I want to democratize welfare estimation by keeping it aggressively simple. A high-school class should, with proper training, be able to understand the process, and contribute to the societal supply of measurements that make it work. Figuring out how much value high-schoolers place on some aspect of life or policy should be very much like running a school election. Yes, there are some technical details you need to get right, but not too many. The baseline instructions for doing welfare estimation should be seen as something like Robert’s Rules of Order: a reasonable manual for collective action that every citizen should understand the basics of.

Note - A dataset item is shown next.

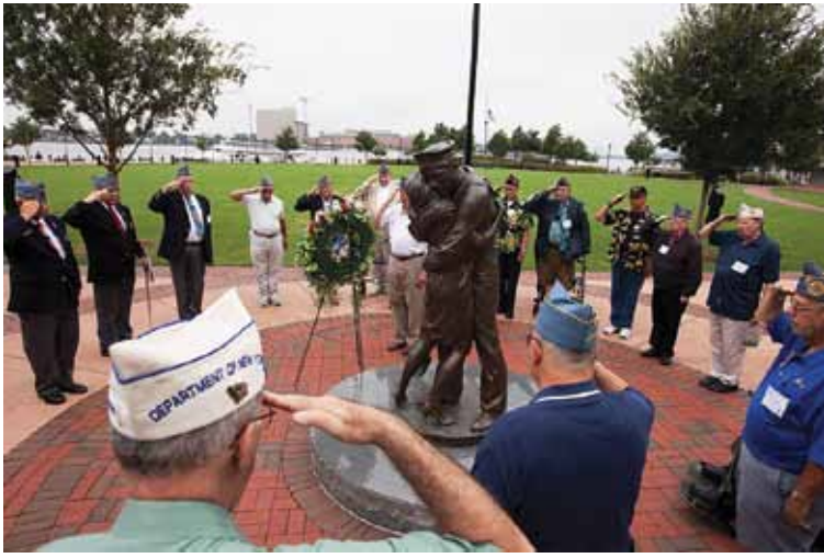
JWV members salute during a wreath-laying ceremony at The Homecoming statue in Norfolk's Town Point Park on August 8, 2012.

More specifically, in my utopia, high-school algebra is replaced by a ‘civil statistics’ class that teaches the basics of survey interpretation, probabilistic reasoning, and cost-benefit analysis. Algebra, especially as taught now, is useless for at least 90% of the population. Only a small percentage of people will ever need it, and those that do can be taught it in college. But a kind of math that shows how to connect voting and surveys to public policy can and should be used by everyone.

So, even though I know that welfare is fake, I'm going to be a stickler for detail and insist that the fake thing be measured in a regular and proper way, much like how we must do parliamentary procedure in a regular and proper way. And, in this case, I think there are a lot of good reasons for making the proper way correspond to the way that you would measure the thing if it was a real physical quantity. That math is a set of rules that work well, and that many people are familiar with.

Believe the myth a little, but not too much

The process of doing cost-benefit analysis won’t work if you are completely cynical. You have to do it rightly and honestly, and you have to believe that you are doing useful work in helping people choose reasonable actions and make good decisions. This usually means that some part of your brain should think that you are measuring something real and true, in the same sense that an election worker should believe in the impossible myth that ‘The Will Of The People’ is a real thing that can be honestly measured and should not be tampered with.

But don’t get dogmatic or fanatic about it. In particular, please don’t try to replace Jesus with Utility or Welfare. It won't work. If your attraction to utilitarianism comes from some sort of deep spiritual need to find something transcendent to organize your life around, you'll just disappoint yourself and you'll make trouble for everyone else.

For a kind of mathematical or systematic mind that is used to thinking in terms of axioms and proofs and absolute truth, this advice may seem like insanity. But it is not, and learning how to use rigorous systems of thought without letting them use you is an important life skill. For more about how to develop and operate in this fluid mode, I highly recommend taking a deep dive though David Chapman’s meaningness blog.